Data records Start Marker
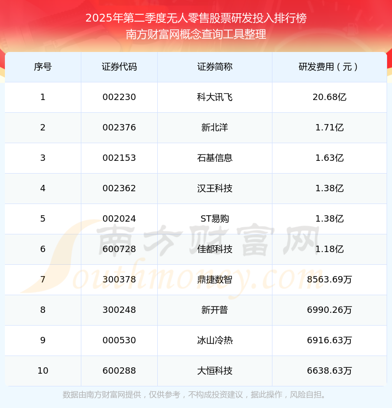 2025年第二季度,無人零售股票研發(fā)投入排名如下:科大訊飛(002230)研發(fā)投入總額高達20.68億,新北洋(002376)和石基信息(002153)分別位居第二和第三,漢王科技(002362)、ST易購(002024)、佳都科技(600728)、鼎捷數(shù)智(300378)、新開普(300248)、冰山冷熱(000530)、大恒科技(600288)分別進入前十,其研發(fā)投入總額分別排名第4-10名。
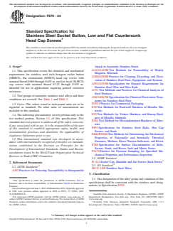 ASTM F879-23 - Standard Specification for Stainless Steel Socket Button, Low and Flat Countersunk Head Cap Screws
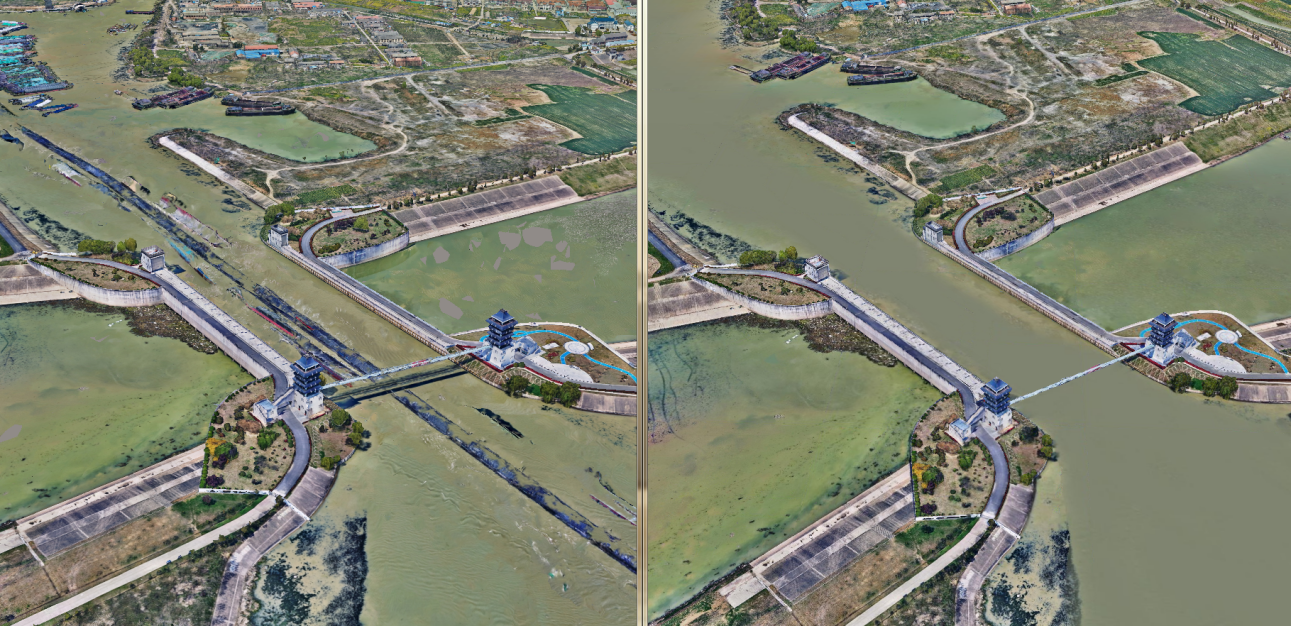 為保證成果的美觀性,飛燕遙感首次采用了水域批量處理技術(shù)。在模型人工修飾環(huán)節(jié)完成后,由專人進(jìn)行水域批量處理,保證了水域高程一致或平緩過渡,水面紋理整潔,色彩過渡自然,體現(xiàn)了飛燕品牌的“高科技”與“高品質(zhì)”。
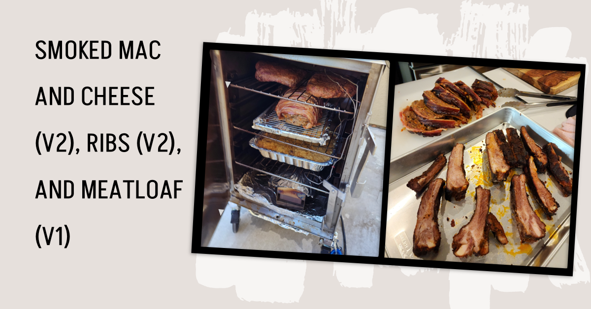 Everything turned out quite well! I smoked the mac and cheese for a little less time (1hr 20m), so the smokiness wasn’t nearly as overpowering as it was in v1, and the block cheese and cream definitely made a difference; v2 was clearly better than v1. The meatloaf tasted the same as usual, but you could taste a slight smoky flavor. The only mistake was I used my usual spice rub on the spare ribs. Since they were already marinated, they ended up being a tad too salty.
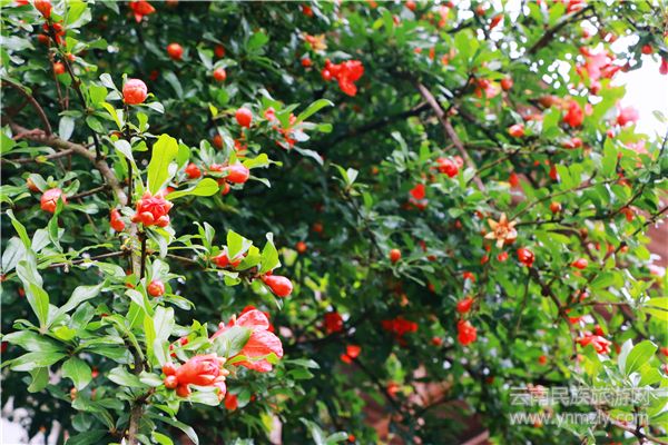 門前無邊青麥,墻頭石榴花開。一株不起眼的石榴樹、一朵不起眼的石榴花,卻紅遍了整個初夏,且不說秋日里那碩大飽滿的紅石榴讓人垂涎欲滴,今日那火一般的中國紅照樣令人沉醉。
Data records End Marker
» **Exercise**: Your output should be exactly the lines of the records above from the one with "為保證成果的美觀性,飛燕遙感" through the last, both ends included, with pictures excluded.

» **Result of this task**:
 為保證成果的美觀性,飛燕遙感首次采用了水域批量處理技術(shù)。在模型人工修飾環(huán)節(jié)完成后,由專人進(jìn)行水域批量處理,保證了水域高程一致或平緩過渡,水面紋理整潔,色彩過渡自然,體現(xiàn)了飛燕品牌的“高科技”與“高品質(zhì)”。
 Everything turned out quite well! I smoked the mac and cheese for a little less time (1hr 20m), so the smokiness wasn’t nearly as overpowering as it was in v1, and the block cheese and cream definitely made a difference; v2 was clearly better than v1. The meatloaf tasted the same as usual, but you could taste a slight smoky flavor. The only mistake was I used my usual spice rub on the spare ribs. Since they were already marinated, they ended up being a tad too salty.
 門前無邊青麥,墻頭石榴花開。一株不起眼的石榴樹、一朵不起眼的石榴花,卻紅遍了整個初夏,且不說秋日里那碩大飽滿的紅石榴讓人垂涎欲滴,今日那火一般的中國紅照樣令人沉醉。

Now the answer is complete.